The trunk was loaded with the tools of his profession: a bulky camera with a flash, a hundred feet of tape, a wheel on a stick that also measured distance, an adding machine with a roll of paper, spare rolls of paper, a manual typewriter, a bag of flares and stakes, ledger paper, carbon paper, many pads of legal forms, a reel-to-reel recorder, coiled rope, a notary stamp, and a wide flat book, maroon leather, embossed in gold THE CONNECTICUT. Inside the book were blank checks the color of the ocean on a map. The book in the trunk was power. A check from the book was called a settlement. This was what adjusters did, settle or not settle or settle partially, after taking pictures and measuring distances and interviewing witnesses in county seats and depot towns, at train wrecks in the north. Vi felt the bounce as he shut the trunk.

Coming back from Walter’s trips, they always stopped at the Boyles’ house. Phil Boyle was a man about her father’s age, a prosperous mortician-politician, a pillar in his parish and a power in the town. The Boyles lived above their mortuary, a mansard rampart fortress on the shady, stonewalled corner of Main and Derry Turnpike. In the summer, Walter and Phil Boyle would sit out back at the picnic table, drinking coffee in their shirtsleeves. They would talk about the things they had in common, family, taxes, politics. Boyle the mortician was her father’s closest friend, but he always frightened Vi. His hair was black, his suits were black, his winter hats were Homburgs, black, and his hands were long and liver-spotted gray. He always smelled like flowers and he took his coffee black, stirring for no reason Vi could see, the memory of milk, and even the insects were afraid of him. He had served a term for the machine in the state legislature, the lower house, and even in high hatching season, with the salt pond through the pines, Vi never saw him swat at even one blackfly. She believed that he was death itself, living in her town. She stayed by her father on their visits, protecting him from Boyle’s undertow.

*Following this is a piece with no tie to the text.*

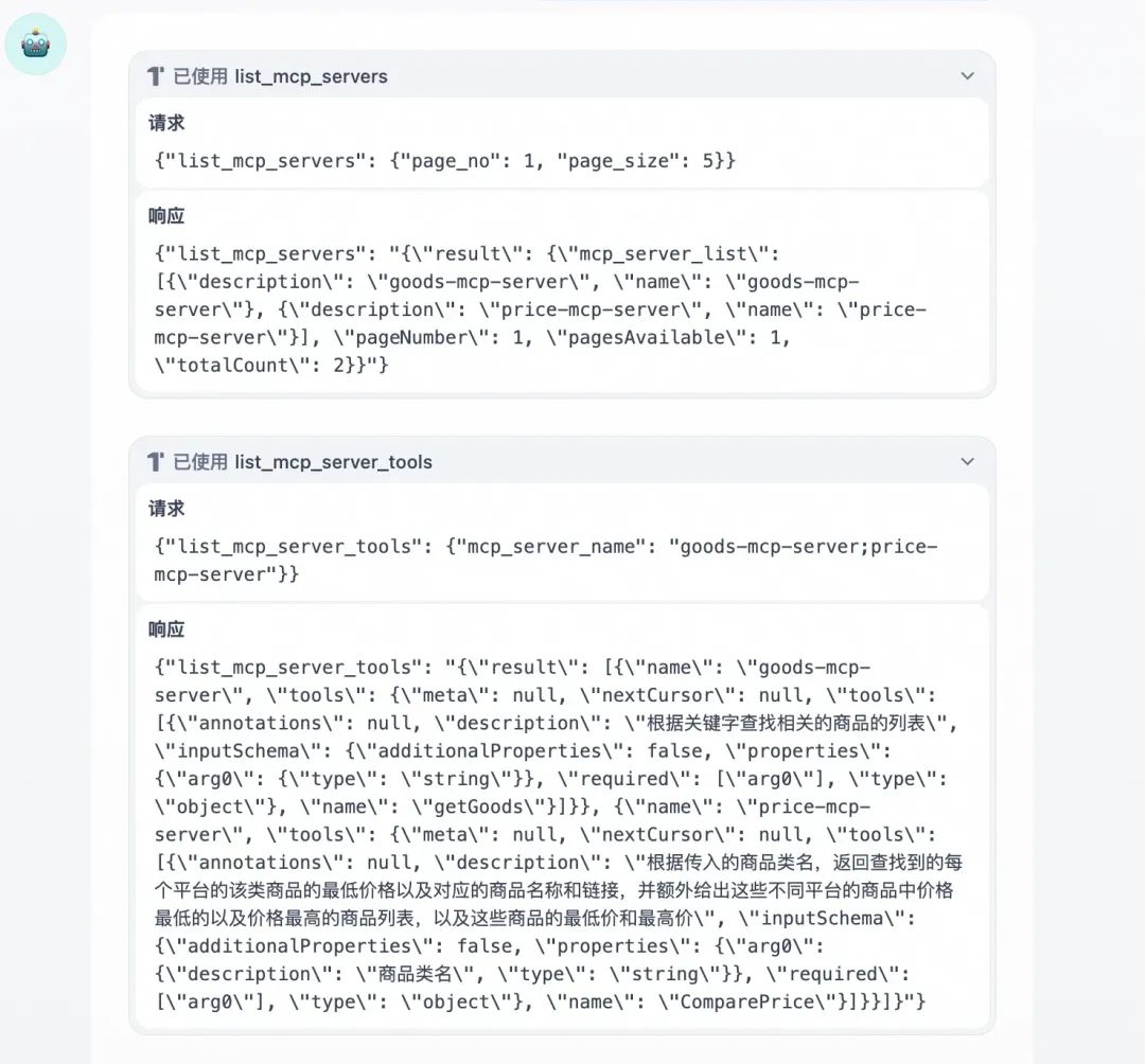 此外,查看模型的工作链路,我们看到模型首先查询了所有可用的 MCP 服务列表,根据任务判断需要调用 goods-mcp-server

Jens stayed in the car, reading Mathemagic, or he ventured out and stood on the edge of the long driveway, watching Boyle’s sons play H-O-R-S-E against the three-hearse garage. Boyle had four sons, scrappy, loud, athletic boys, groomed and destined to be preppy undertakers. The Boyle boys played H-O-R-S-E and many variations, S-M-E-G-M-A, M-U-C-U-S, S-P-U-T-U-M — being sons of a mortician, they had an interest in effluvia and knew all the latest gross-out words. Jens, standing on the grass, watched the active Boyle boys. Jens looked like a Martian, like an aphid, like another life form altogether.